Quantos tesouros podem existir em um simples cassete, esquecido no fundo de um armário, de uma gaveta? no caso da fita que deu origem ao CD “Renato Russo – O Trovador Solitário”, são vários: a intimidade de uma sessão acústica gravada no quarto de Renato Manfredini Jr. (1960-1996), em voz e violão, versos cortados das versões conhecidas pelo grande público, ou, no mínimo, a pista para o entendimento da explosão chamada Legião Urbana, poucos anos mais tarde.

O álbum, terceiro lançamento do selo Discobertas / Coqueiro Verde, abriga nove músicas, gravadas em 1982, e duas faixas-bônus: uma versão de “Que país é este”, datada de 1978 (provavelmente a primeira gravação do clássico que deu nome ao terceiro LP da Legião Urbana, em 1987), e um encontro inusitado entre Renato Russo e a cantora Cida Moreira, interpretando juntos a canção “Summertime”, de Gershwin e Heyward, no verão de 1984, pouco antes da Legião Urbana gravar seu primeiro disco.

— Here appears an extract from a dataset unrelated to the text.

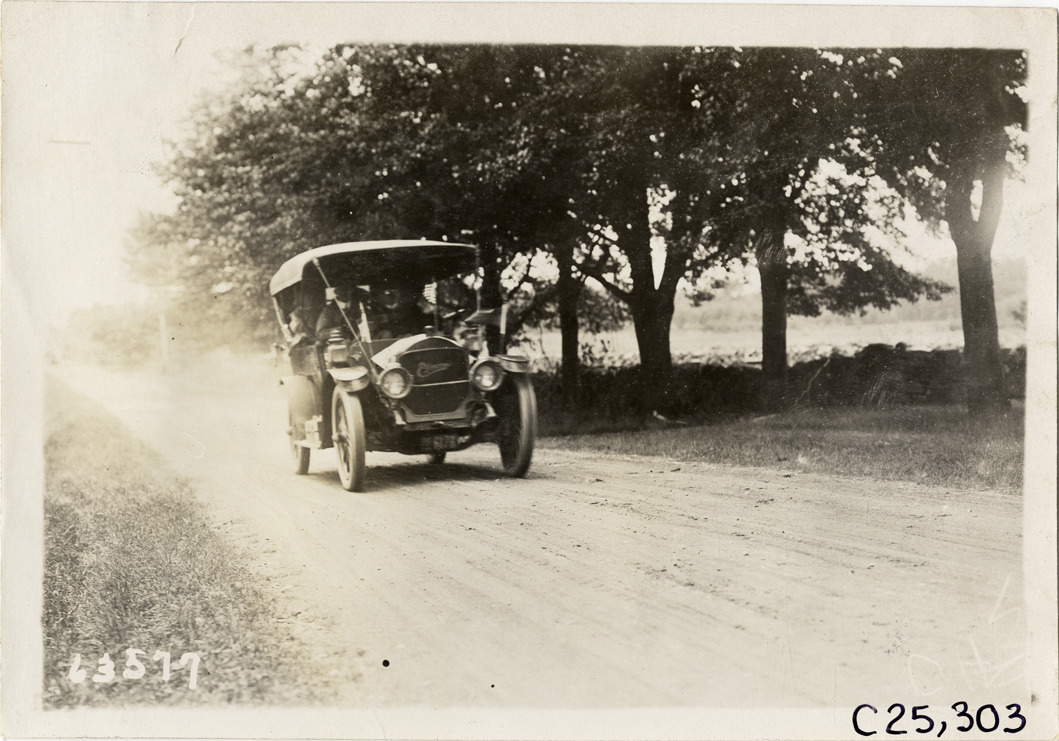 View of motorists in Elmore car traveling on rural dirt road during the 1910 Munsey Historic Tour. Organized by the Munsey newspapers, the endurance contest covered a route through ten states. Stamped on back: "Spooner & Wells, Inc., photographers, telephones 3472-3473 Columbus, 1931 Broadway, New York." Handwritten on back: "Tours--Munsey Historic Tour, 1910."

O áudio, restaurado a partir da digitalização e masterização das velhas fitas, pode desagradar aos ouvidos mais exigentes, mas é justamente nas falhas provocadas pela ação implacável do tempo que se esconde mais um tesouro: a (gostosa) sensação de ouvir uma obra recuperada. Além da fascinante descoberta de como algumas canções foram inicialmente pensadas. “Eu sei”, que abria o lado B de “Que país é este?”, em 87, era “Entre 18 e 21”; do mesmo vinil, o “contrabando” que o primo Pablo trazia da Bolívia para João de Santo Cristo revender na Planaltina de “Faroeste caboclo” era, na verdade, cocaína.

Renato Russo em 1995, no lançamento do CD Equilibrio Distante (foto: reprodução)
Renato Russo em 1995, no lançamento do CD Equilibrio Distante (foto: reprodução)

Mas a maior quantidade de versos modificados está na estória de “Eduardo e Mônica”, onde é possível constatar como o corte feito na versão lançada em 1986 deixou a narrativa um tanto perdida. Na gravação presente do LP “Dois”, Eduardo e Mônica voltavam pra Brasília, vindos de um local desconhecido. Na versão agora apresentada, o trajeto está completo: o casal sai de Brasília, passa pela Bahia, por Cristalina, em Goiás, por Sampaio, no Tocantis, vai para o Rio de Janeiro, e finalmente retorna ao Lago Norte.

Entre as outras surpresas anunciadas pelo “locutor da Rádio Brasília”, cantadas pelo Trovador e seu “violão desafinado”, estão “Boomerang Blues” – que Zélia Duncan recriou em 2002, no CD “Sortimento vivo” – “Veraneio vascaína”, parceria de Renato Russo com Fê Lemos que se tornou um sucesso com o Capital Inicial, e as inéditas “Anúncio de refrigerante” e “Marcianos invadem a Terra”. O encarte traz ainda fotos de Renato Manfredini Jr. ainda criança, entre desenhos, trechos das letras datilografas e frases anotadas pelo músico, como “Anarkia é caos construtivo”, “A organização do desespero” e “Vocês são joia”.

Com a proximidade do 12º aniversário da morte de Renato Russo, no próximo dia 11 de outubro, “O Trovador Solitário” – codinome adotado por Renato após o fim do grupo de punk rock Aborto Elétrico – não deixa de ser mais uma homenagem póstuma ao poeta que, solitário ou acompanhado, retratou em forma de canção a sua geração e as injustiças de um país, marcado pela corrupção que, infelizmente, não desapareceu.

Para alguns, “Renato Russo – O Trovador Solitário” pode soar como um dos versos de um outro sucesso da Legião: “ôôô, é sempre mais do mesmo…”. Mas, ao ouvir o CD, chega-se a conclusão de como sua presença nos faz falta, e como novas gravações sempre são bem-vindas. Aí, a frase se completa: “…não era isso que você queria ouvir?”.